Start of Given material

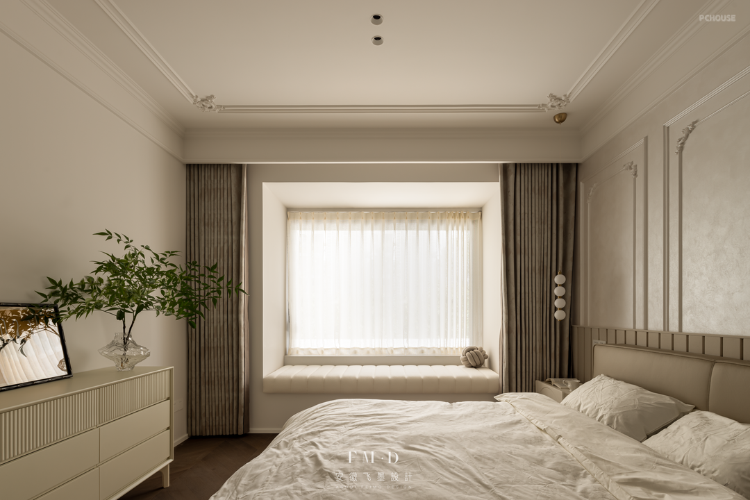 主卧合并北次卧,规划卧室+卫浴+衣帽间的套间设计,提升入住舒适度;保留飘窗,铺上软垫,空间的休闲功能也被兼顾到。
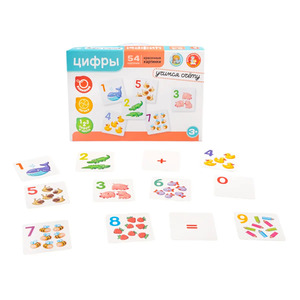 Цифры. "Учимся счету". Состав: карточки с картинками из картона - 54 шт. (4,5 х 4,5 см) Для детей старше 3 лет.
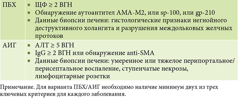 Таблица 2. Критерии вариантного синдрома ПБХ с признаками АИГ
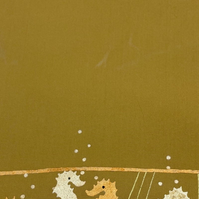 セミフォーマルでお使いいただける名古屋帯でございます。 見る人に重たい印象を感じさせない女性ならではの、気品豊かな一品です。 締め跡がございます。 表地所々にヤケ、お太鼓柄付近にシミ、お太鼓垂境間所々に汚れ、お太鼓柄部分と前柄柄部分に金銀彩の変色がございます。 裏地の手先付近に生地の傷み、裏地所々にヤケ、裏地に小さなシミ、裏地に金銀彩の変色がございます。 リユース品としては良い状態で、まだまだご活用頂けると思われます。 ※なお、厳しく商品の状態確認を行っておりますが、記載の汚れ以外にも見落とし箇所がある可能性がある旨ご了承いただけますと幸いです。 沢山の商品の中からご覧いただき誠にありがとうございます。 【PR2】

End of Given material

What to produce - The answer must be the whole listing, word for word, with no pictures in it. Please write it out.

Answer to the exercise -
 主卧合并北次卧,规划卧室+卫浴+衣帽间的套间设计,提升入住舒适度;保留飘窗,铺上软垫,空间的休闲功能也被兼顾到。
 Цифры. "Учимся счету". Состав: карточки с картинками из картона - 54 шт. (4,5 х 4,5 см) Для детей старше 3 лет.
 Таблица 2. Критерии вариантного синдрома ПБХ с признаками АИГ
 セミフォーマルでお使いいただける名古屋帯でございます。 見る人に重たい印象を感じさせない女性ならではの、気品豊かな一品です。 締め跡がございます。 表地所々にヤケ、お太鼓柄付近にシミ、お太鼓垂境間所々に汚れ、お太鼓柄部分と前柄柄部分に金銀彩の変色がございます。 裏地の手先付近に生地の傷み、裏地所々にヤケ、裏地に小さなシミ、裏地に金銀彩の変色がございます。 リユース品としては良い状態で、まだまだご活用頂けると思われます。 ※なお、厳しく商品の状態確認を行っておりますが、記載の汚れ以外にも見落とし箇所がある可能性がある旨ご了承いただけますと幸いです。 沢山の商品の中からご覧いただき誠にありがとうございます。 【PR2】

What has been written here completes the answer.